September 2019, 178 pages

Available material: English sample

A quiet spot in the forest where cruelties transpire

Inidividual stories of little men in the maelstrom of great historical events, set against the backdrop of historical turning points and societal transformations from the Thirty Years’ War to the 1990s. History disrupts the protagonists’ lives in fundamental, sometimes fatal ways, whether by their own determination, or by unfortunate circumstance. When one’s very existence is at risk, least relevant are the original intentions of those who set the wheels of history in motion. Children get caught in a war with the Swedes; a small village farmer is threatened by the Red Army; vigilantes hunt down a prominent politician– and more.
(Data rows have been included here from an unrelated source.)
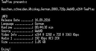 | FiLENAME: | Waschen.schneiden.Whiskey.German.DOKU.720p.WebHD.x264-TeePfau.mkv |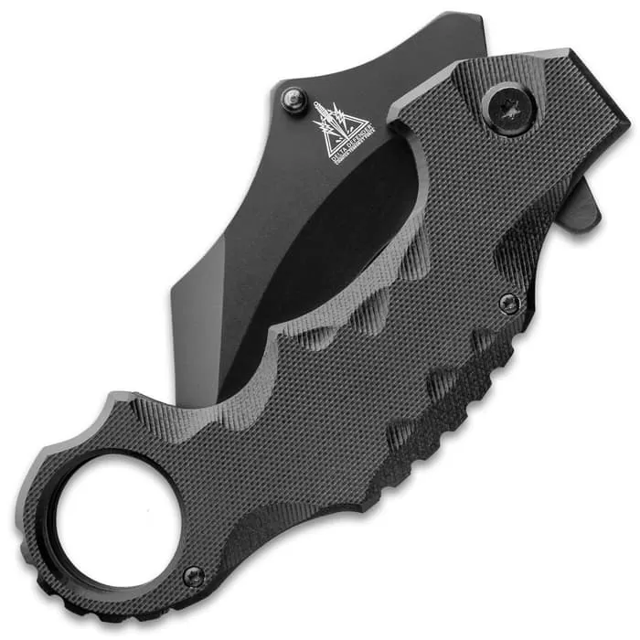 Designed and constructed for the modern battlefield, the Delta Defender Assisted Opening Black Karambit Knife takes a traditional design pumps it up with steroids and folds it so that it will still fit in a pocket. The knife has a 3” razor-sharp karambit blade with a black, non-reflective finish and double thumbstuds for quick deployment, activating the assisted opening mechanism. The textured black G10 handle scales are thick and beefy and have an ergonomic grip for a secure, no-slip hold when using the knife. The folding karambit is 5 1/4” when closed and has the traditional thumb ring and a sturdy pocket clip for ease of carry.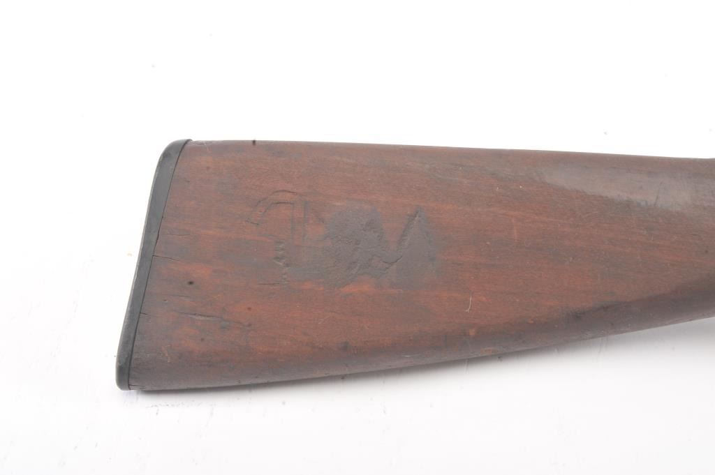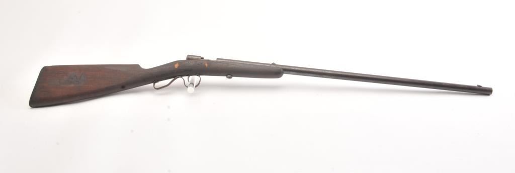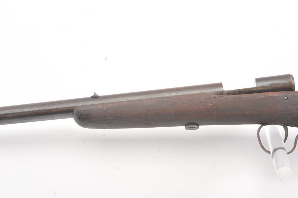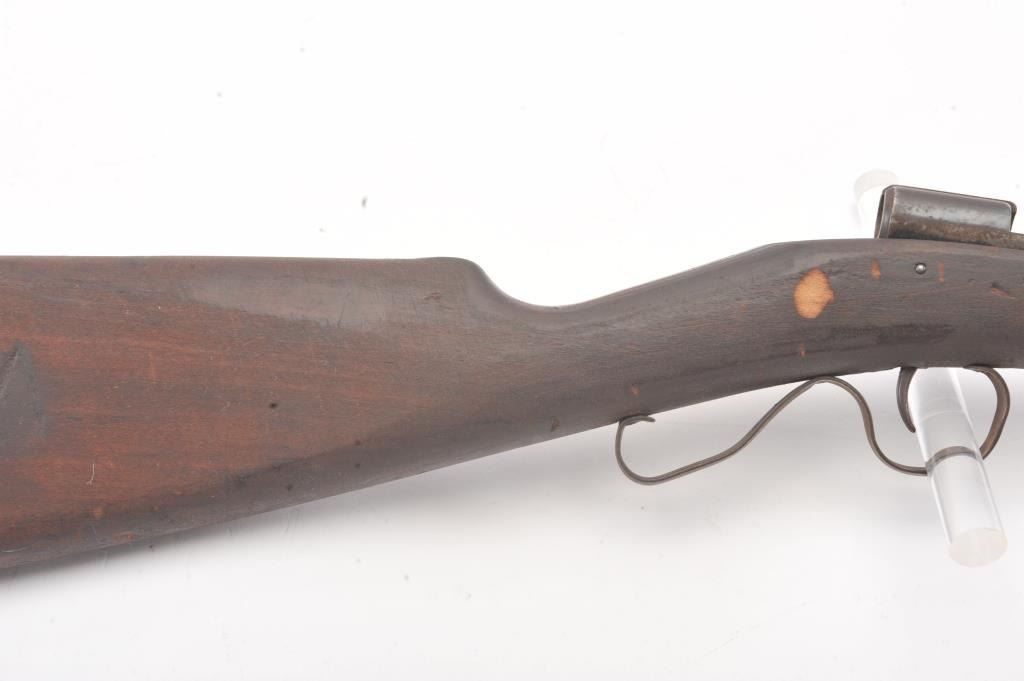 Winchester Model 60A Bolt Action Single Shot Rifle in .22 S, L, L.R. with a 23” barrel and missing bolt. Fair to good overall. Butt plate intact. The bore is good. A sound cadaver for the “Dr. Frankenstein” ofgunsmiths. (C&R) Est.: $35-$70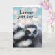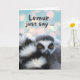 Merci mignon, carte de voeux en papier avec une photo d'un lémurien à queue cerclée enveloppé dans sa queue. Carte de voeux à thème faune. Lemur dit juste ... ou laissez-moi juste dire... un jeu de mots écrit sur la couverture. Customisez le message intérieur comme vous le souhaitez. Copyright © Shoaff Ballanger Studios, 2024.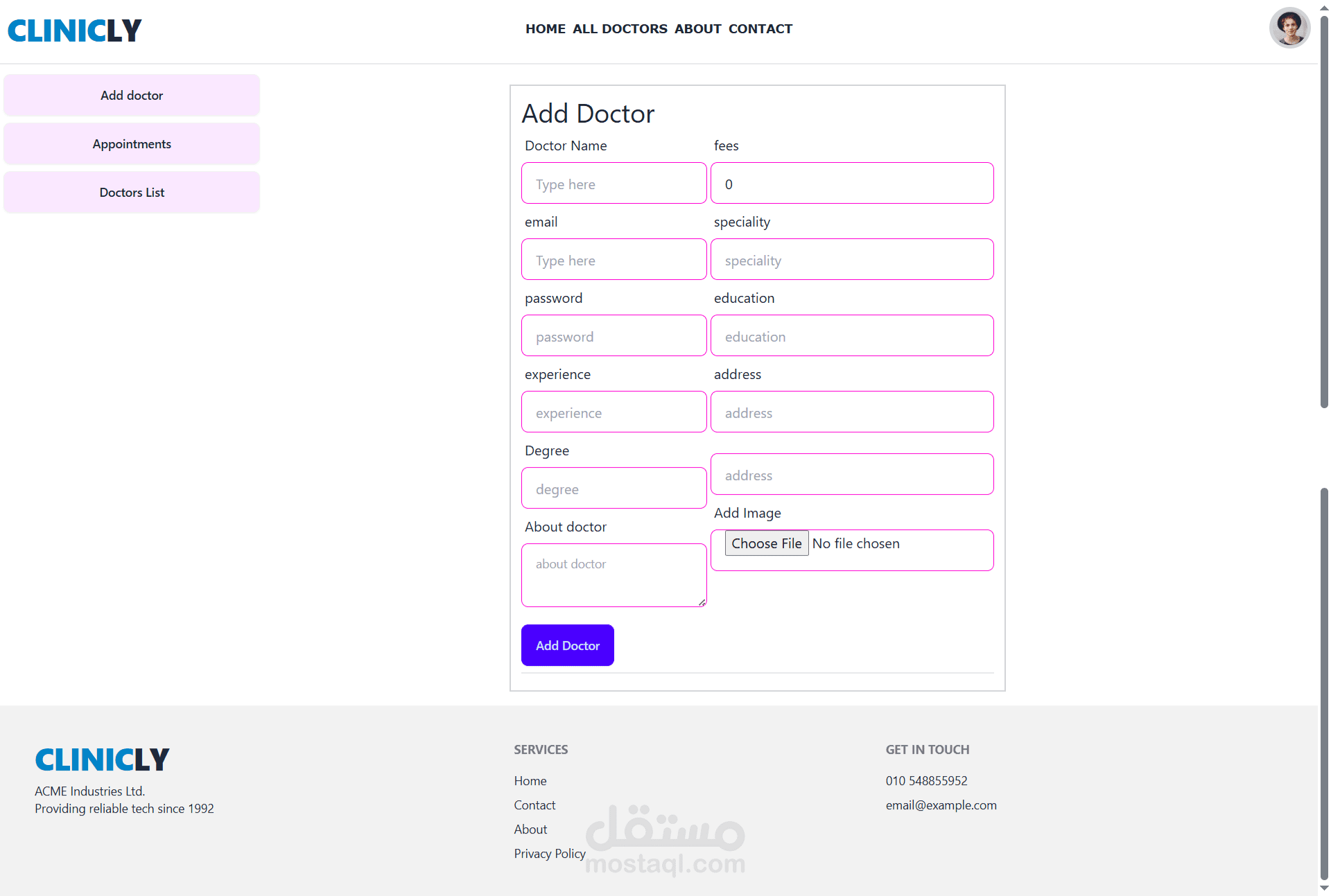 البناء والتصميم: تم بناء بوابة إدارة شاملة باستخدام React.js و DaisyUI، وتتميز بلوحات تحكم (Dashboards) تعتمد على الأدوار المختلفة.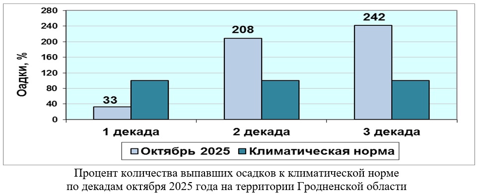 В первой декаде октября отмечался дефицит осадков: выпало всего 33% декадной нормы. Значительный переизбыток отмечался во второй и третей декаде, выпало 2-2,5 нормы.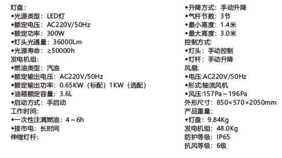 如本產(chǎn)品的標(biāo)準(zhǔn)配置不能滿足客戶的工作需求,我司可在燈頭功率、伸縮氣缸的升起高度及發(fā)電機(jī)的配備上按客戶要求做出調(diào)整,以滿足客戶的個(gè)性化需求

Their lives are all connected by a pond named Jakub.

Michal Vrba is very skilful at building up the atmosphere of his short stories. His greatest strength is probably his ability to incorporate his narration with the historical time in which his stories take place. The author employs historical milestones plausibly portrayed by plot and characters who are always in the foreground.

– ČT ART

The collection is elaborate and consistently built up, delivering surprising points and a strong overall impression.

– jeduvknize.cz

Download English sample

From the sample translation

“He listened to the sounds outside. He hadn’t gotten used to all those new murmurs, the wind searching the ruin for flappy unstuck bits and making them speak, he wasn’t accustomed to the splashes of water hitting the collapsed torso of the mill wheel. Even the stream itself had a different speed now, as it was running into new obstacles, its sound had changed, too. He wasn’t used to the stifling smells filling his nose – the sharp reek of the burnt-out area, the stench of mud and dead, rotting fish over there by the wrecked sluice gate, at the deepest spot of the drained pond.”